### INSTRUCTIONS TO FOLLOW
At the line containing "Top a triangolo", begin an exact copy, and continue through the last line of the entries below. Leave out any pictures.

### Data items
⟨
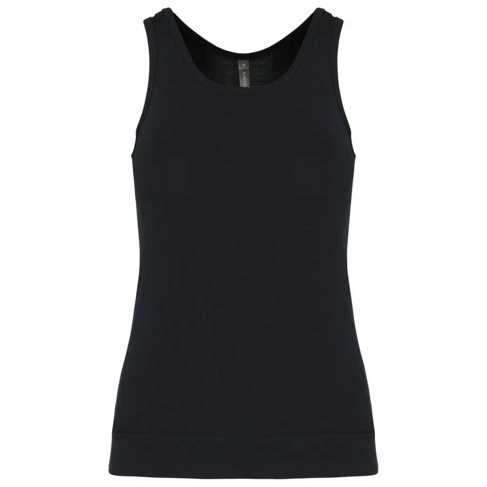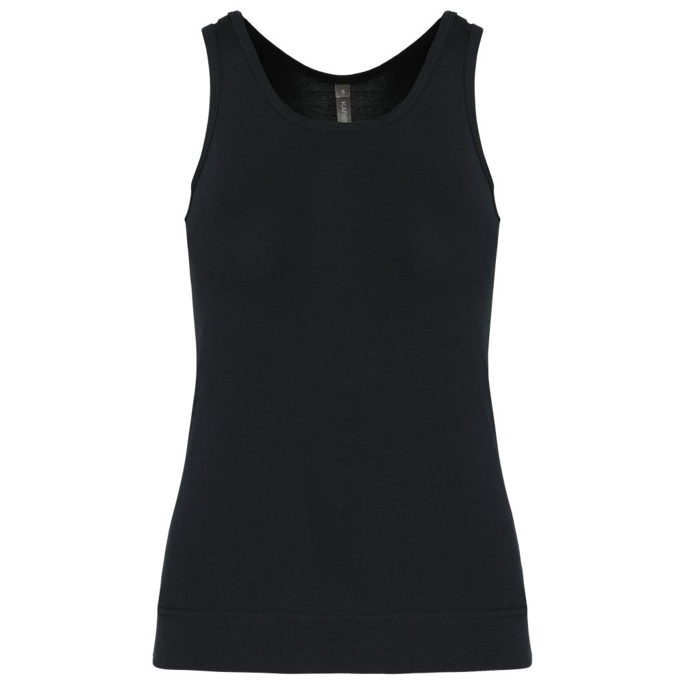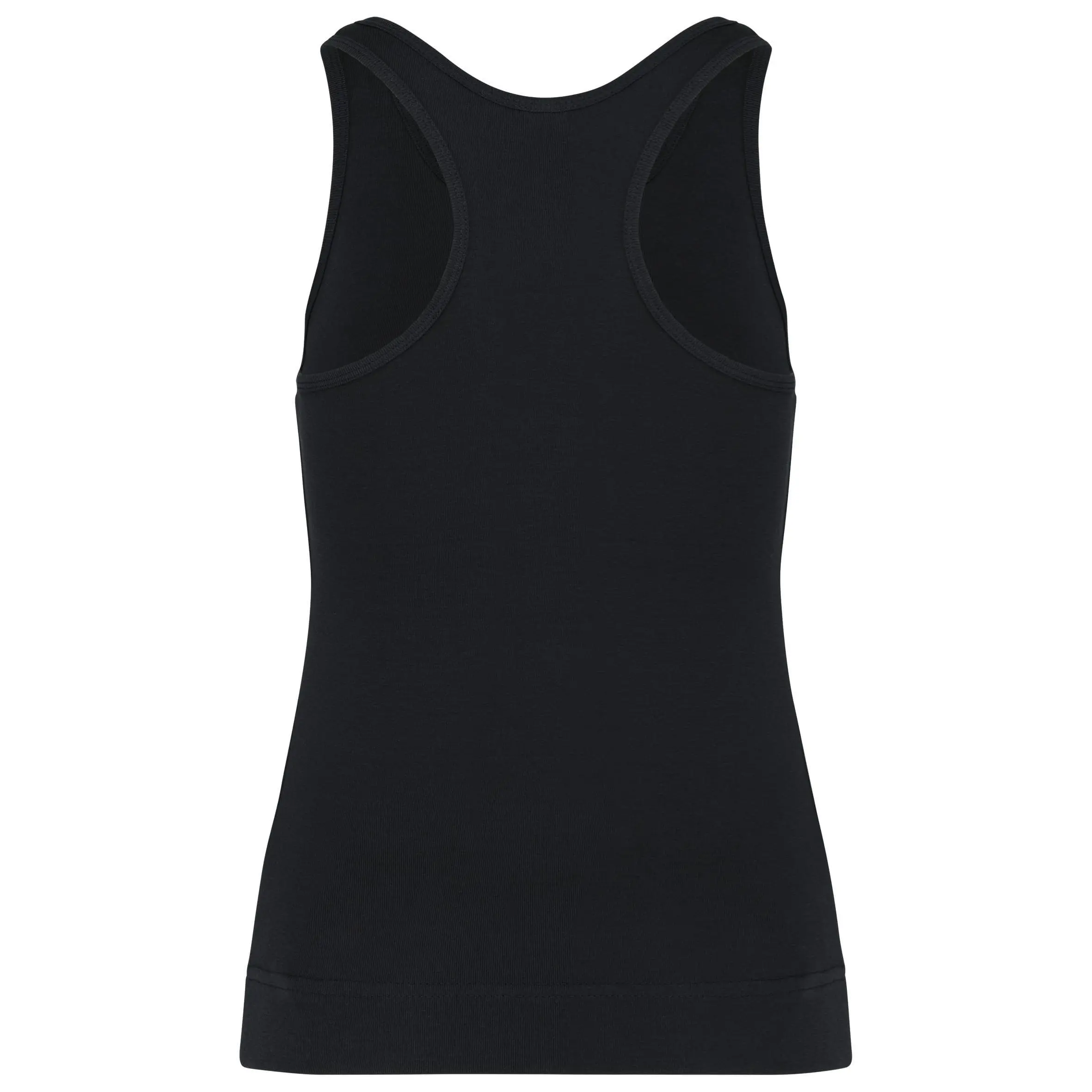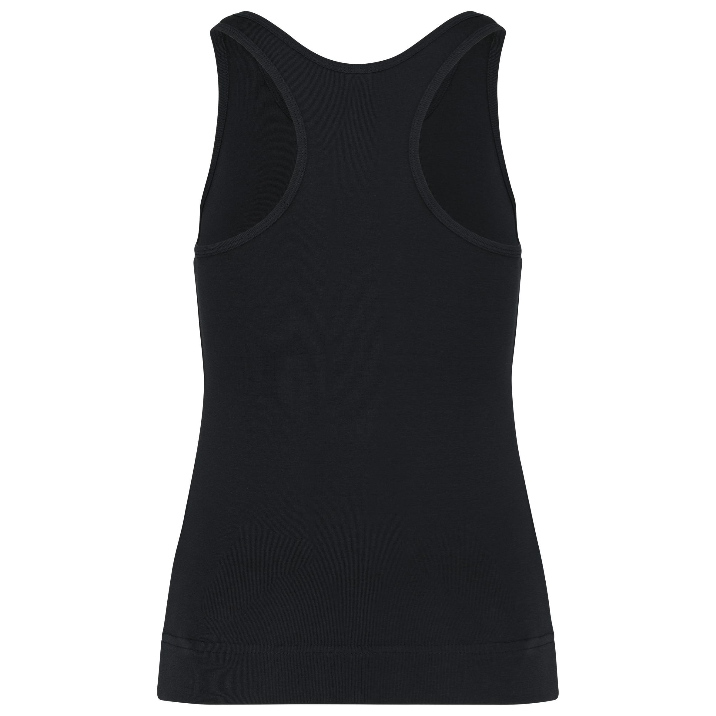 100% katoen 1×1 rib. Racerback. Afwerking met dubbele stiksels. Gecertificeerd STANDARD 100 by OEKO-TEX®N° CQ1007/7, IFTH.
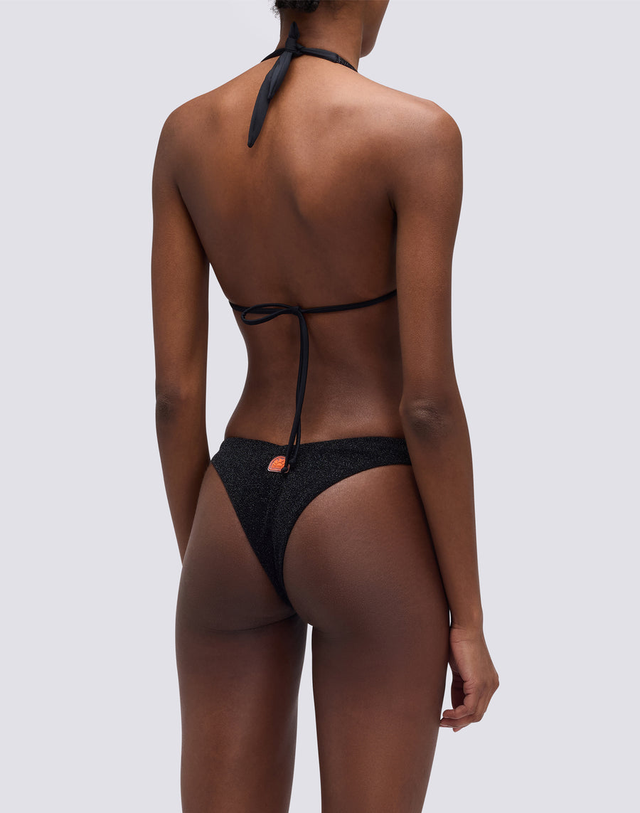 Top a triangolo americano dal deciso look glam grazie al fascino splendente e senza tempo del lurex.
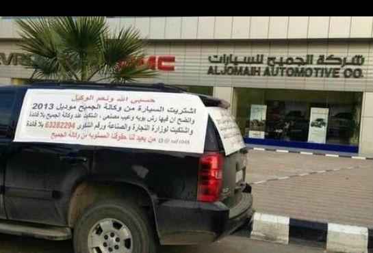 جاء ذلك بعد تداول صور سيارتي مواطنين وضعا عليها إعلانات اشتكوا فيها من تعرضهم للاحتيال مشيرين الى أنهما اشتريا سيارتين جديدة من الجميح وموديلاتها ٢٠١٢ ، ٢٠١٣ واكتشفت بأنها تعرضت لعمليات إصلاح تمثل في رش بويه وعيب مصنعي وأنهما قدما شكاوى لوزارة التجارة لكن شكاويهم لم تجد البت من الوزارة على حد زعمهم.
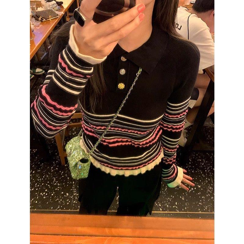 2024秋冬学院風poloニット女性は冬にゆったりと腰を収めて痩せている中にシャツを着て高級感のある上着を着ている
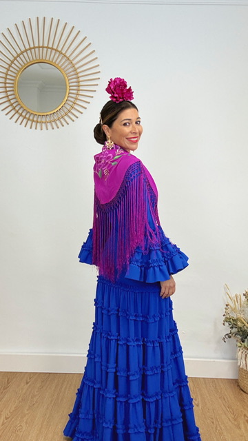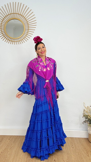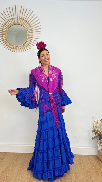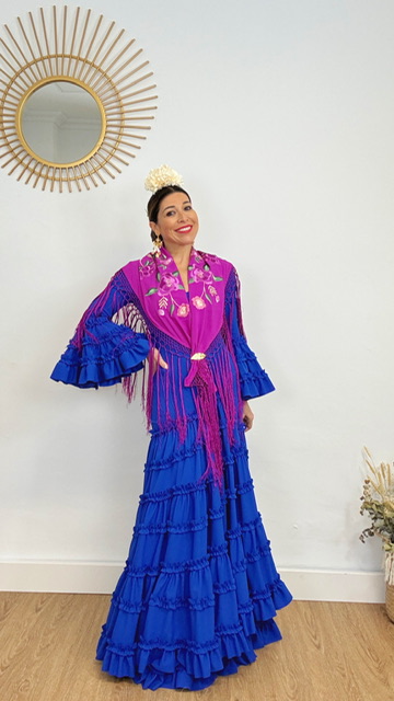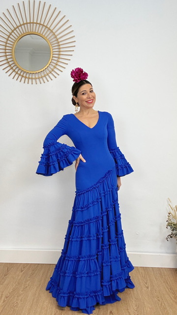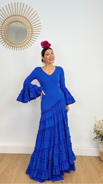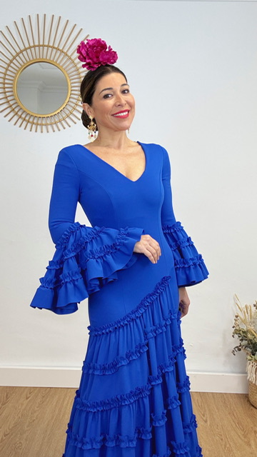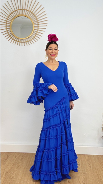 Vestido flamenca confeccionado en tejido de crepé elástico en color azul klein. Disponible por tallas que se adaptan muy bien al cuerpo.
⟩
### TASK RESULT
 Top a triangolo americano dal deciso look glam grazie al fascino splendente e senza tempo del lurex.
 جاء ذلك بعد تداول صور سيارتي مواطنين وضعا عليها إعلانات اشتكوا فيها من تعرضهم للاحتيال مشيرين الى أنهما اشتريا سيارتين جديدة من الجميح وموديلاتها ٢٠١٢ ، ٢٠١٣ واكتشفت بأنها تعرضت لعمليات إصلاح تمثل في رش بويه وعيب مصنعي وأنهما قدما شكاوى لوزارة التجارة لكن شكاويهم لم تجد البت من الوزارة على حد زعمهم.
 2024秋冬学院風poloニット女性は冬にゆったりと腰を収めて痩せている中にシャツを着て高級感のある上着を着ている
 Vestido flamenca confeccionado en tejido de crepé elástico en color azul klein. Disponible por tallas que se adaptan muy bien al cuerpo.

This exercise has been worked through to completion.